Nevertheless, both the contraction of the s(1/2) orbitals predicted by the Dirac equation, and the filled valence shell of Hg are the major causes for the odd physical properties of Hg. However, there are other effects that should be considered and the paper above is pretty clear on those.

Let me reformulate in order to make things clearer and more specific:

The reason for liquid Hg can be stated simply: the outer electrons of Hg (6s2) that participate in metallic bonds are "less available" to bonding (which might be observed for example by looking at binding energies of clusters of Hg, dimers, etc) then in other common metals, and hence the interaction between Hg atoms is much weaker compared to other metal-metal bonds. The explanation for the "less availability" of the 6s electrons is the contraction of the 6s orbitals, caused by the high speeds achieved by those electrons. This effect is promptly predicted by the Dirac equation.

Now, one would ask: what about Au? It has a 6s electron and it is a very stable solid metal, which means it forms strong metallic bonds with other gold atoms. The question then turns to be, what makes metallic bonds strong in gold and weak in Hg? And, here comes the indispensable valence shell argument: gold has only one electron in its 6s orbital, while Hg has two electrons in the 6s orbital. It turns out that this creates a large difference in bonding: we can use a simple qualitative molecular orbital argument to understand why. Let's imagine a simple picture of the bonding between two Au atoms, such that only the 6s electron of each atom contributes to the bonding. That being true, 2 MOs are formed in the process of bonding, and the 6s electron from each atom occupies the bonding orbital, while the antibonding MO is unoccupied. The bonding MO has a lower energy than the 6s orbitals, which stabilizes the dimer, while the antibonding has a higher energy than the 6s orbitals, making it unfavorable for a bond to form. For Au, as we just saw the 6s electrons would be in the bonding orbital and the metallic bond would be favorable. Now, this scheme is easily extendable for Hg, and the surprise here is that since the 6s of Hg has 2 electrons, in order for Hg to dimerize, 2 electrons from our simplified model would go to the bonding molecular orbital, while the other two would be in the antibonding molecular orbital. Therefore, the stabilizing effect generated by electrons in the bonding orbitals is now circumvented by the destabilization provoked by the two electrons in antibonding molecular orbitals. In these circumstances, the metallic bond would be unfavorable and the interaction between the Hg atoms will be weak, i.e., dispersion will probably dominate. By scaling these arguments to a much larger number of Hg atoms we can see that at room temperature solid Hg would not be stable, just like a bunch of other systems in which the constituents interact mainly via van der Waals forces.

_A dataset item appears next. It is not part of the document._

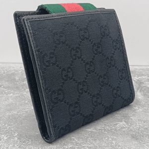Gucci Black GG Monogram Canvas Green & Red Web Logo Compact Unisex Wallet

A question that might arise from the analysis above is why cadmium or zinc which have 5s and 4s orbitals filled are solids at room temperature, and the reason is that in this case the s orbitals do not suffer appreciable relativistic contraction, and therefore it is not unfavorable for these atoms to generate solids in which those electrons participate in metallic bonds. We can note that Hg(2+)-Hg(2+) is a quite stable ion in which the Hg(2+) also have filled shells (though the 6s orbitals are unoccupied now). The reason for this last case is that the most external valence subshell is the 5d, with 10 electrons. This subshell is much more diffuse than the 6s shell and the relativistic effects are opposite, i.e., the d orbitals are extended compare to the non-relativistic case, and hence the electrons would be more easily engaged in interionic bonding, even if they are held by dispersion forces only, since the polarizability of Hg2+ is much larger compared to Hg.

The arguments above were derived from a simplified model, but others more complex based on those might be easily derived. I know that there are weak spots, but as noted in my comments, experimental facts and calculations converge with those explanations, and the paper referenced above shows part of this in more depth, and even explains other interesting relativistic effects such as the "inert pair effect" that general chemistry professors love to talk about, but in most of the times, do not know what it really is.